The concept of data science notebooks has been around for a while. Notebooks are web interfaces that allow creating and sharing live code, equations, visualizations and narrative text. They exist somewhere in data science workflows to serve data cleaning, transformation, numerical simulation, statistical modeling, data visualization and even machine learning. In a Python environment, Jupyter is prominent. In Java or Scala environment, Apache Zeppelin fits seamlessly. Though Jupyter can be used with a Java kernel and Zeppelin can be used with a Python interpreter, each one natively belongs to its own stack.

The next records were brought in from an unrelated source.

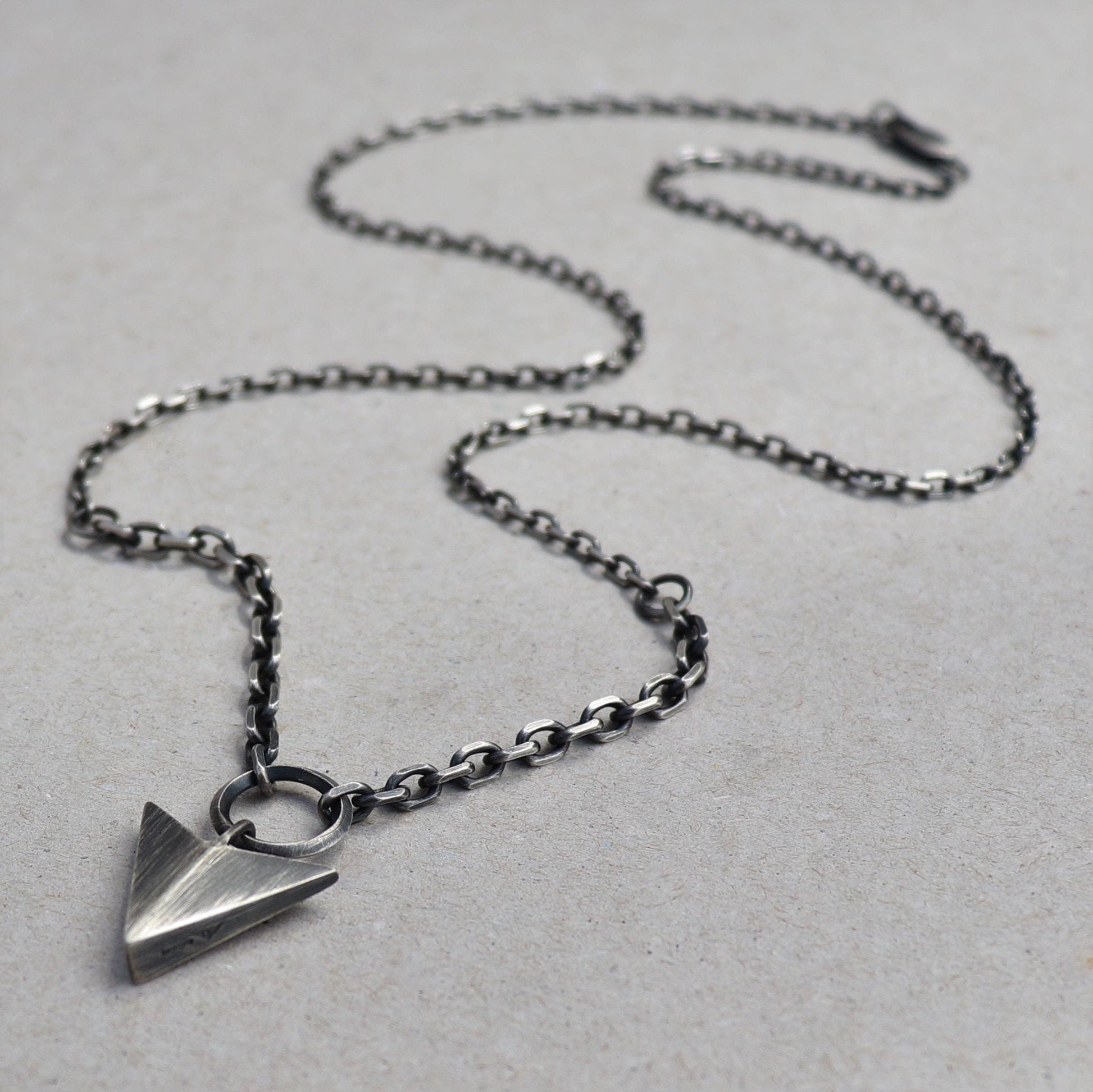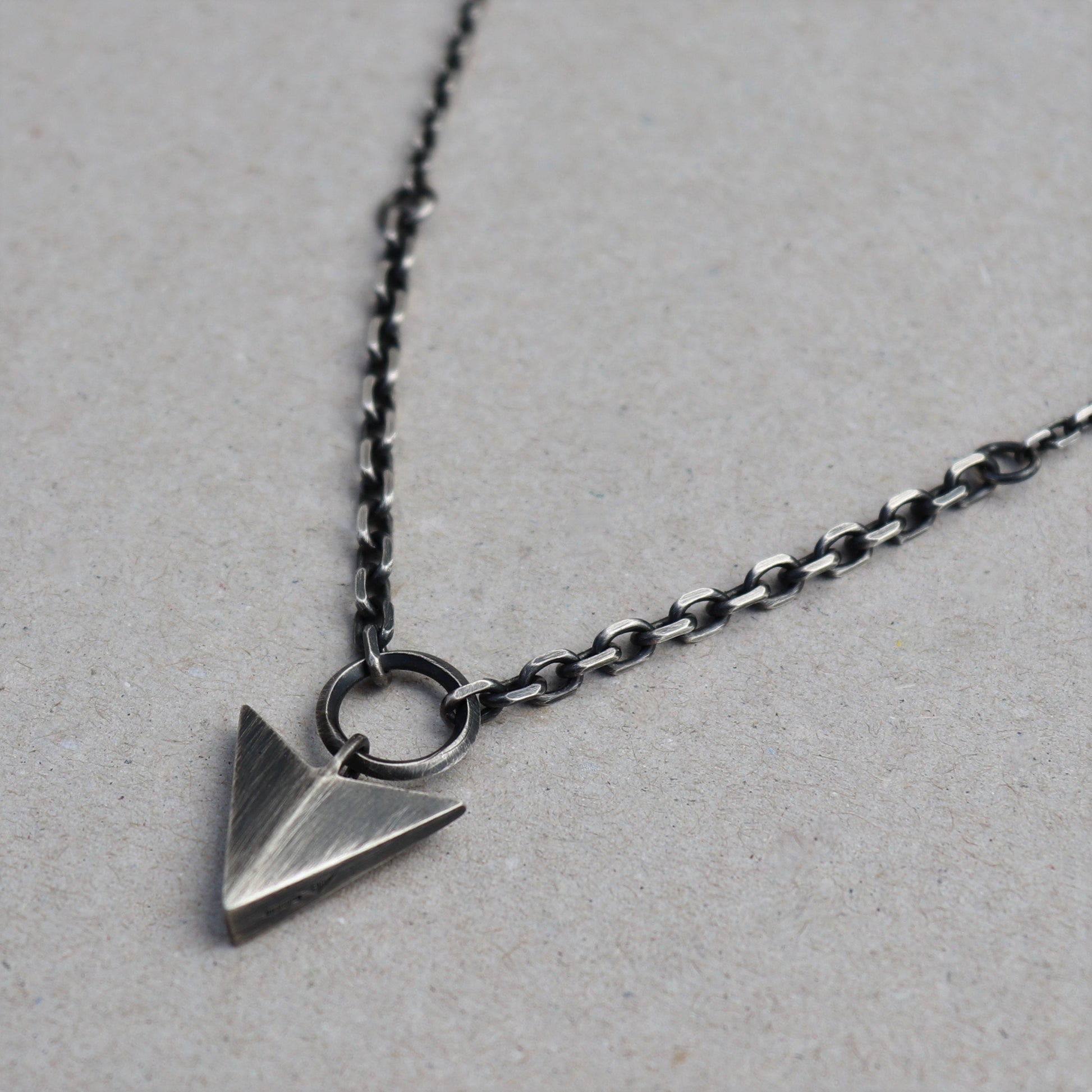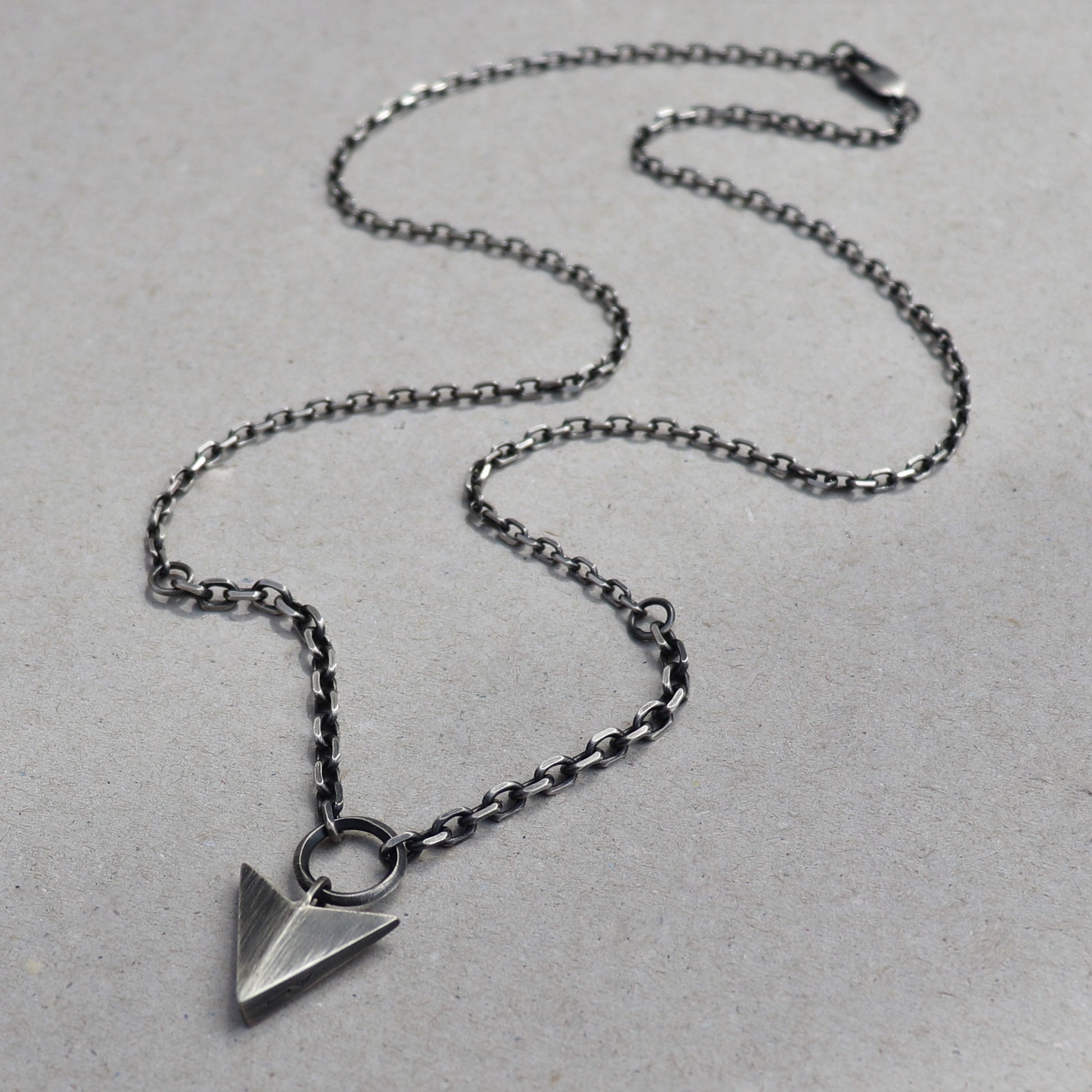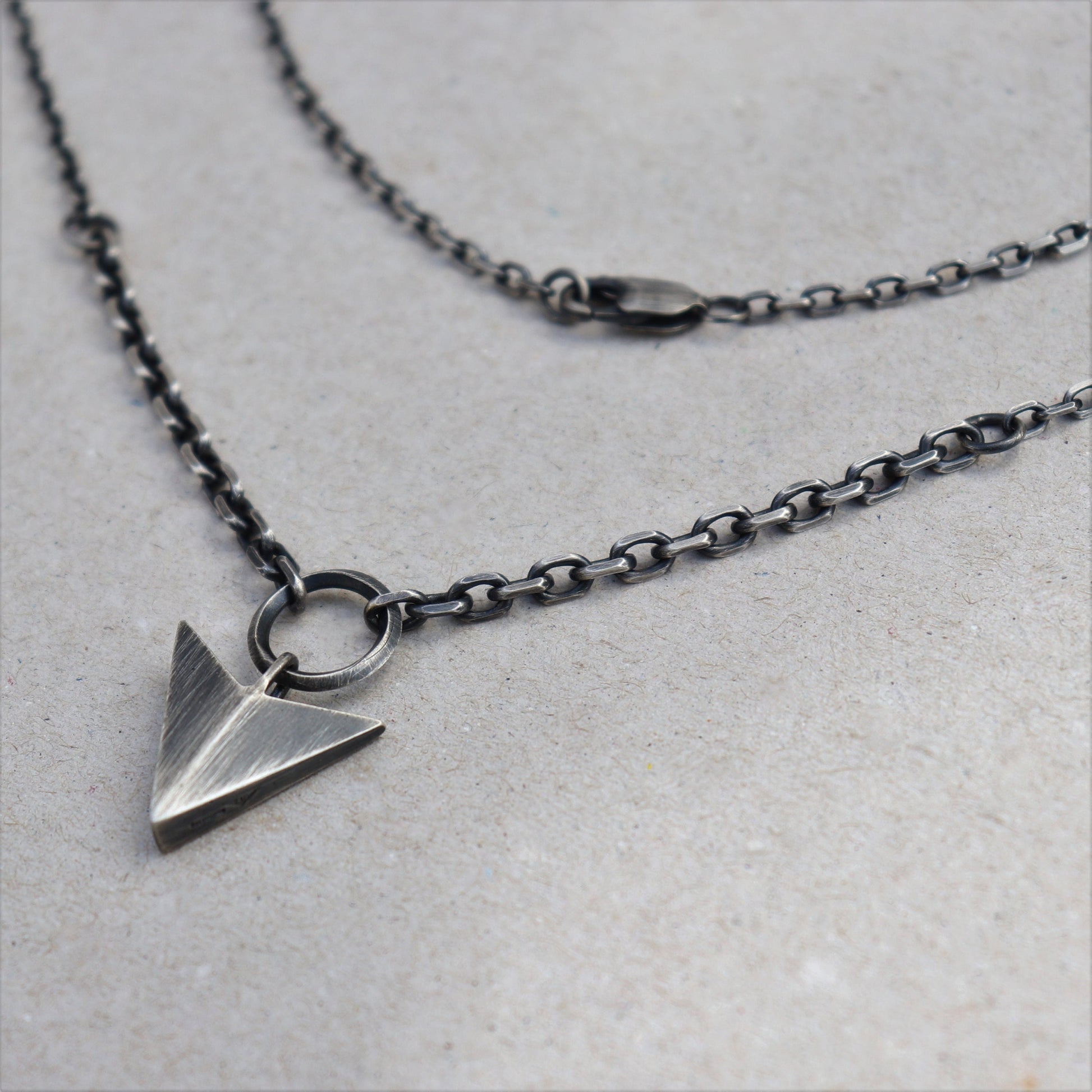 Oxidised solid silver large arrow pendant on two widths of diamond cut trace chain
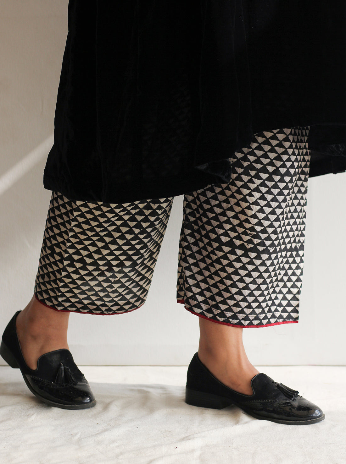 Black Geometric Print Silk Farshi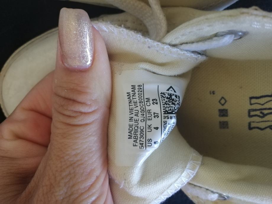 Platnene tenisice Converse starke. Piše 37 ali je manji kalup, dakle za 36. Bijele sa vezenim reljefom. Molimo Vas pošaljite sms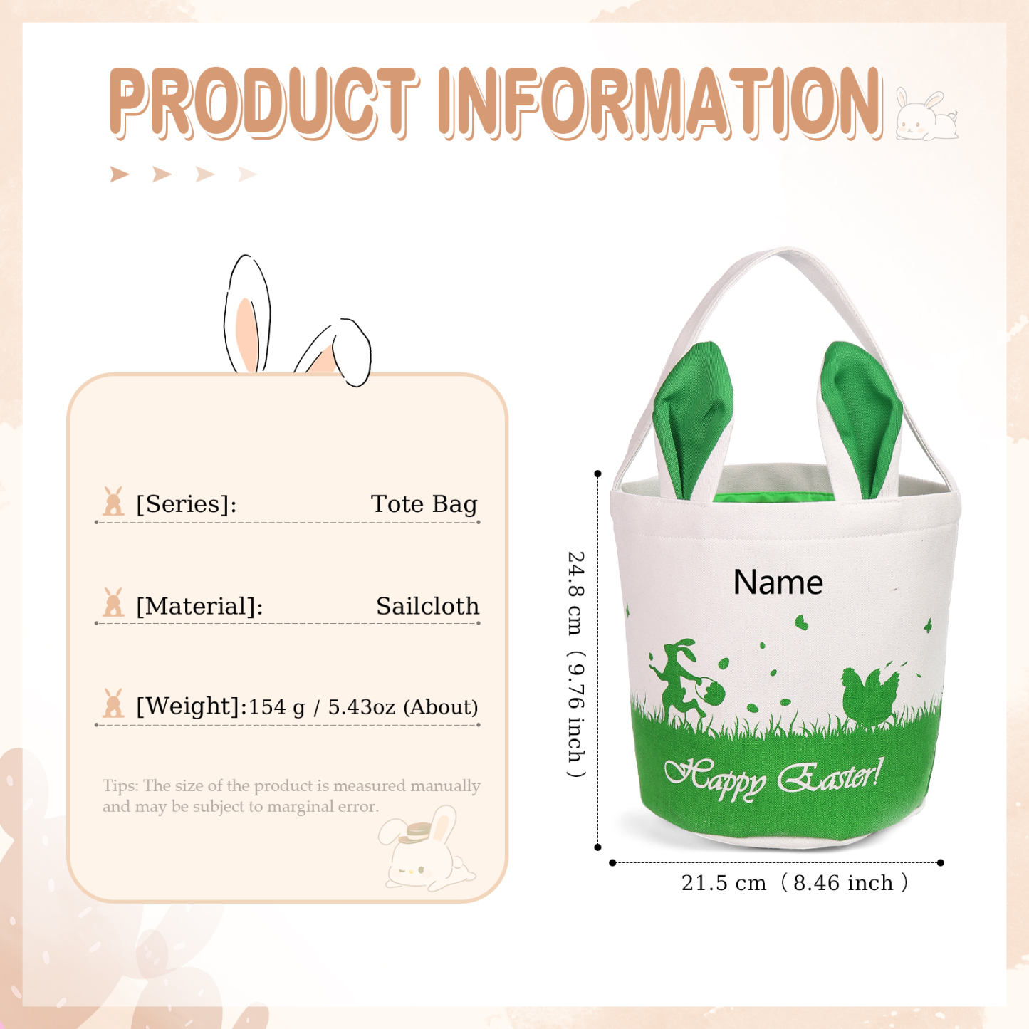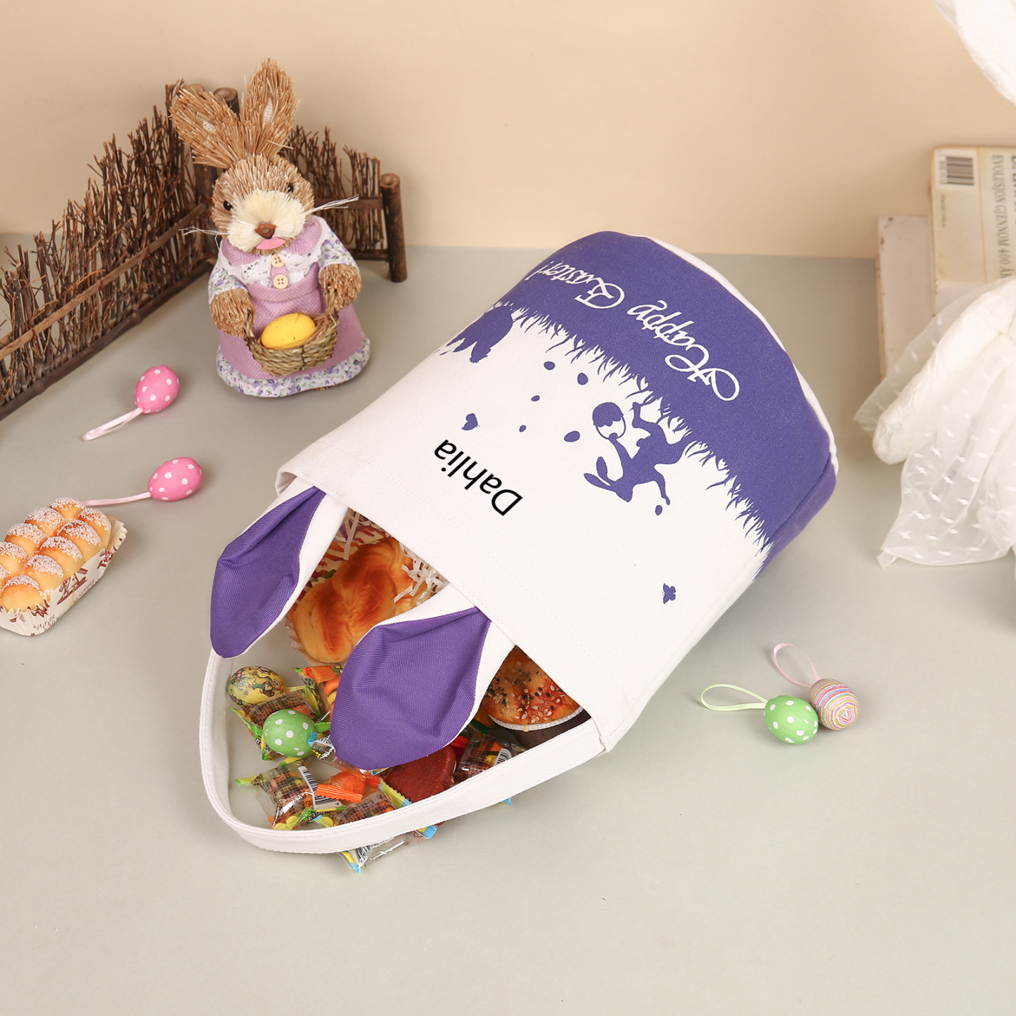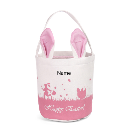 Bunny Tote Bag Personalized Name Bucket Bag White Basket Easter Gifts For Kids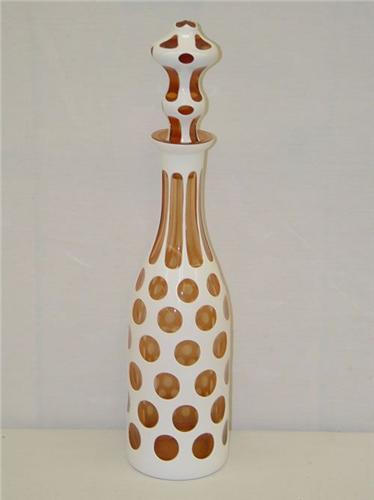 16" SANDWICH WHITE CUT TO LIGHT AMBER OVERLAY DECANTER - MINOR CONTENT STAIN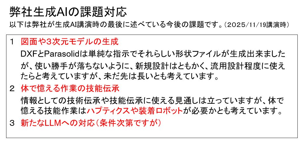 弊社生成AIは技術伝承・技能伝承を目的の1つにしていますが、いずれも普段から社内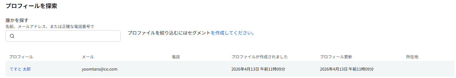 これで、フローの設定作業は終了です。 実際にKlaviyoにプロフィールが作成できているか確認します。 無事作成できていました!
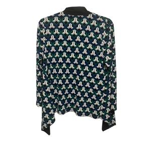 Stylish Kasper jacket with a vibrant multicolor pattern. Features shades of blue, green, and white.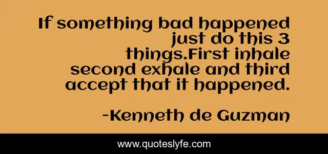 This page presents the quote "If something bad happened just do this 3 things.First inhale second exhale and third accept that it happened.". Author of this quote is Kenneth de Guzman. This quote is about bad-luck, life, acceptance,.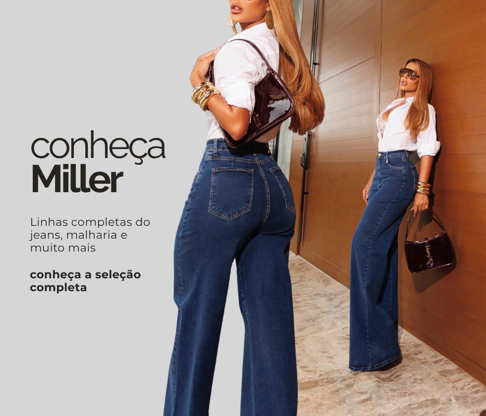 Miller Jeans é referência em qualidade e lançamentos, trabalhamos exclusivamente com distribuição e vendas no atacado.

Installing Zeppelin and Solr Interpreter
Zeppelin interpreters allow languages or data processing backends to be plugged into Zeppelin. However, Zeppelin extensibility is designed through Helium which is a plugin system that can extend Zeppelin with components including interpreters. Other components that can be plugged are spells, visualizations and even whole applications.
In this post, we are going to explore creating computational notebooks for data stored in Solr which can be done in a few steps. If you are running Solr, all what is required to start creating notebooks for existing collections is obtaining Zeppelin1 and installing the Solr interpreter:
$ docker run -p 8080:8080 -d --name zeppelin apache/zeppelin:0.8.1
$ docker exec zeppelin ./bin/install-interpreter.sh --name solr --artifact com.lucidworks.zeppelin:zeppelin-solr:0.1.5
$ docker restart zeppelin # to load the interpreter
Navigate to http://<zeppelin-host>:8080 and Zeppelin welcome page should appear:
To create a Solr interpreter, click “anonymous” menu on the top right then click “Interpreter”. Click “Create” button on the top right and enter parameters as follows:
Note: the default value of solr.baseUrl
is http://localhost:8983/solr
Creating the Notebook
For the purpose of this post, the Amazon Cell Phones Reviews dataset will be used. Trivial preprocessing, such as renaming fields and splitting prices field, is required before indexing. Once indexed into two collections, items
and reviews
, a notebook can be created.
Each cell inside the notebook should start with %solr
spell in order to bind to the notebook to Solr interpreter and run commands. Currently, there are 5 commands that are supported: use
, search
, facet
, stream
and sql
. The last two commands invoke the powerful Solr Streaming Expressions and Parallel SQL features that enable creating computations for Zeppelin.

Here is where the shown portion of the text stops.